Rough Draft Done!

I just finished the rough draft of my book. All 11 chapters. That's right, eleven chapters (not the planned ten). After 10 months of working on this book, I finally have a rough draft done. Also, ten months is a long time and the software (Tensorflow) has changed a bit. This means I will have to go back and update the chapters, as some functionality is changing or being depreciated. But that's what you get for writing a book about software that is still technically in beta.

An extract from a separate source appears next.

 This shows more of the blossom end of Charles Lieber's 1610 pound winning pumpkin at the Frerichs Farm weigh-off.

I must say, some chapters were much harder than others. I should have planned for this in my time-lines. Because of this, I fell behind schedule around chapter 8. Chapter 8 and 9 were technically the hardest and required much of my time pouring through documentation and debugging.

For a few examples in the book, I had to accept that the official documentation (and other tutorials) have better and more in-depth explanations. But the publishing company really wanted me to cover those examples. I had to make some decisions on how to do this. Do I just repeat what is out there? Do I try to cover it in more depth? Do I skirt around the issue and reference better work? After some debate, I came to the following conclusion.

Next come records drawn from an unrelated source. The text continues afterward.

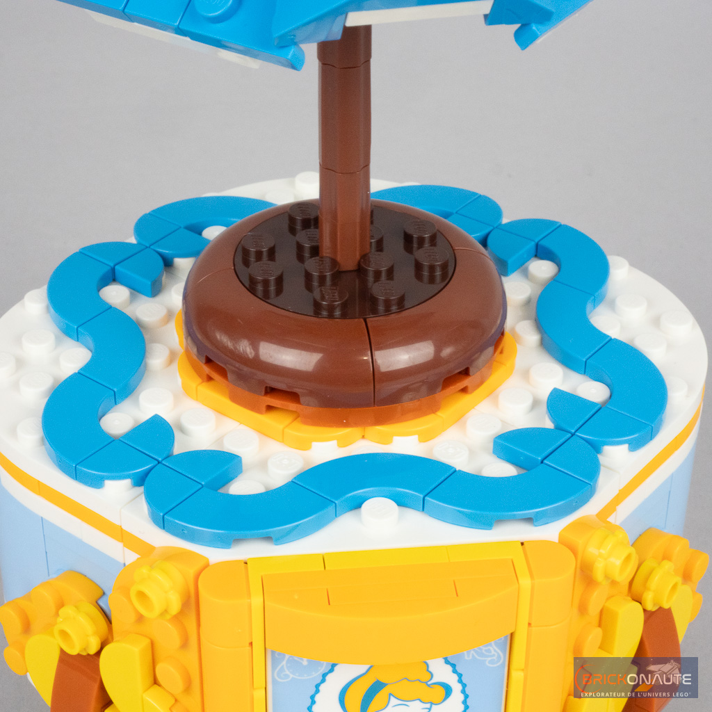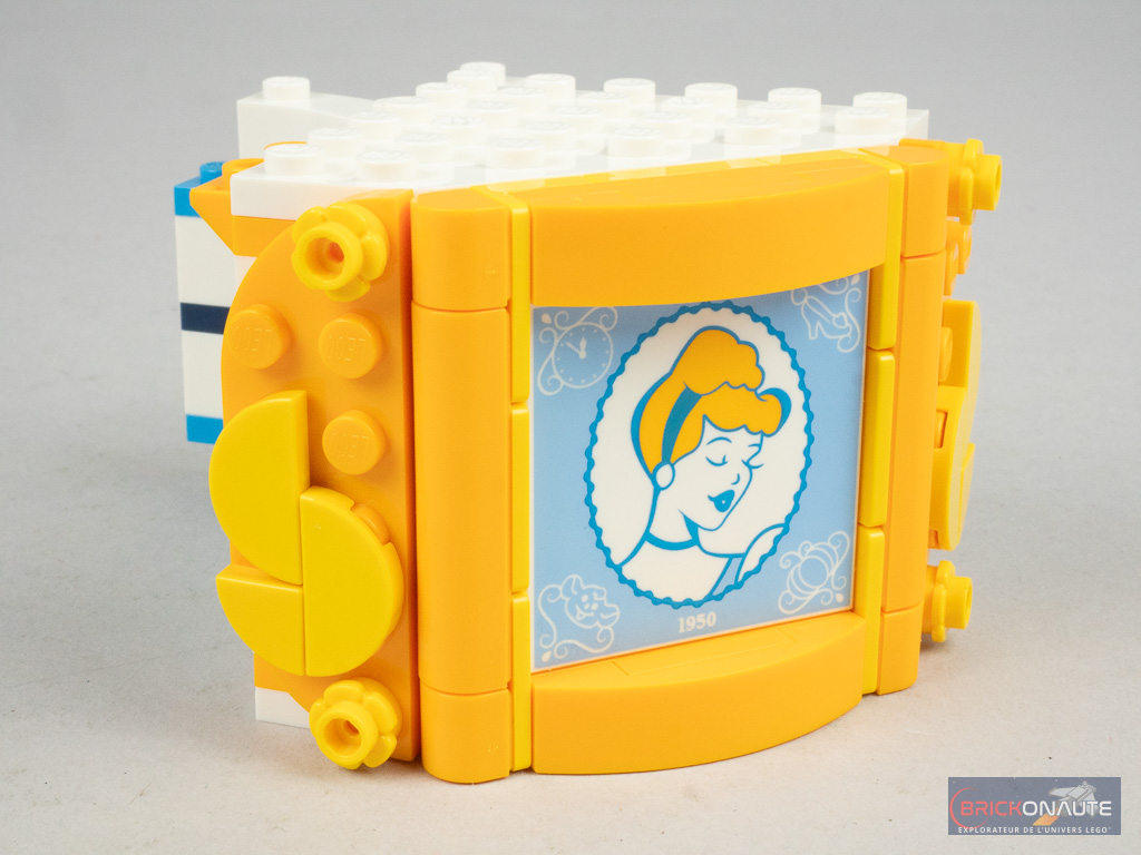 Mais ce n’est pas tout ! Car si la robe est indéniablement réussie, c’est également le cas du socle d’exposition avec un joli mélange light royal blue / flame yellowish orange rappelant la robe de Cendrillon et sa couleur de cheveux. Il est très élégamment décoré, avec un tile tampographiée du portrait de Cendrillon (avec la date du film, 1950, en dessous) et LEGO fournit une collection de tiles pour agrémenter la partie supérieure. Remarquez aussi le niveau de détail des pieds.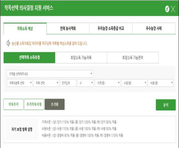농촌진흥청은 재배 작목 결정 등 중요한 의사 결정을 망설이는 농업인들을 위해 180여 가지 작목으로 얻을 수 있는 소득을 예측할 수 있는 '작목선택 의사결정 지원 프로그램'을 경기도농업기술원과 공동 개발했다.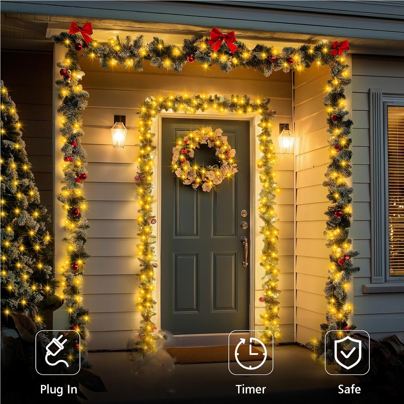 - Safety and Timer:LED christmas lights outdoor adopt 31V low voltage power plug,safe to touch for kids and pets.Made of PVC transparent wire and Low-temp LED beads,It can prevent overheating and prolong the service life.you can also set the usage time of the LED string light through the plug(6 hrs on,18 hrs off)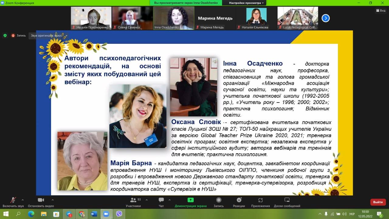 Модерували: Олена Семеног, завідувач кафедри української мови і літератури СумДПУ імені А.С. Макаренка; Ольга Фаст, проректор з науково-педагогічної роботи КЗВО «Луцький педагогічний коледж» Волинської обласної ради; Мирослава Вовк, завідувач відділу змісту і технологій педагогічної освіти Інституту педагогічної освіти і освіти дорослих імені Івана Зязюна НАПН України, член Кафедри ЮНЕСКО «Неперервна професійна освіта ХХІ століття».
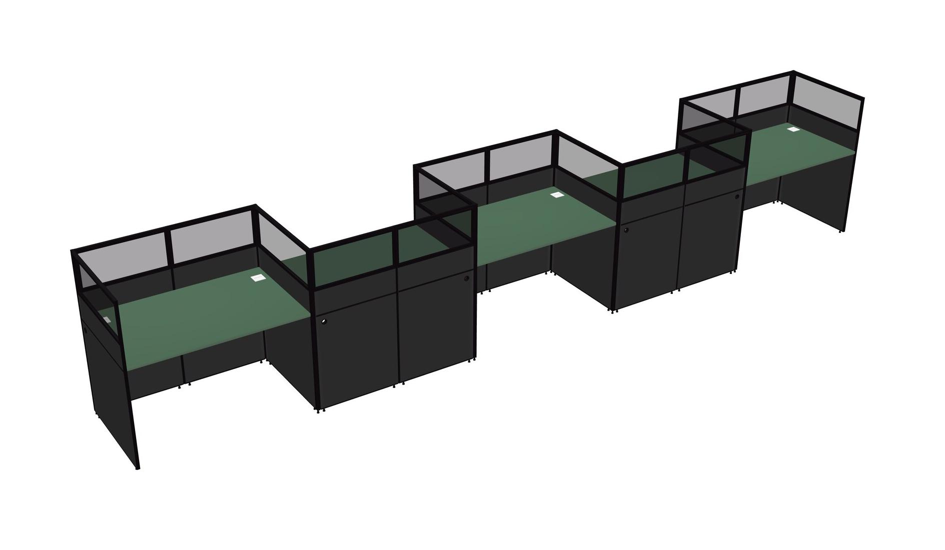 Green Rectangular Cubicle Workstations For 5 - Zigzag Formation

I will not reiterate official tutorials and documentation where it is explained better. I don't want someone to pay for a book that has information in it that is free elsewhere.

There was only one section that I reiterated code from the official software tutorials. I decided to do this because the official tutorial was really lacking on code explanations and felt kinda hand-wavy. Because of this, I referenced the official tutorial and told the readers that we will instead explore the tutorial much more in depth. For reference, this is the 'deep-dream' tutorial in chapter 8.

For another section, I decided to concentrate on preparing a different type of dataset for usage in the official tutorials. I felt this was a great way to do this because even though the official tutorials used a canned dataset, their methodology was sound.

I have been updating the github repository here: https://github.com/nfmcclure/tensorflow_cookbook. You can find the python scripts and about 50% of the scripts have accompanying documentation. Over the next month, I will be adding more documentation as well as accompanying Jupyter notebooks. Also, I'm told the editing of the book starts soon.

Overall, my journey on writing a book (so far) has been a huge learning experience and an even bigger time drain. I have a lot more respect for authors as well. I'm not sure that I will be so eager to write a book next time either.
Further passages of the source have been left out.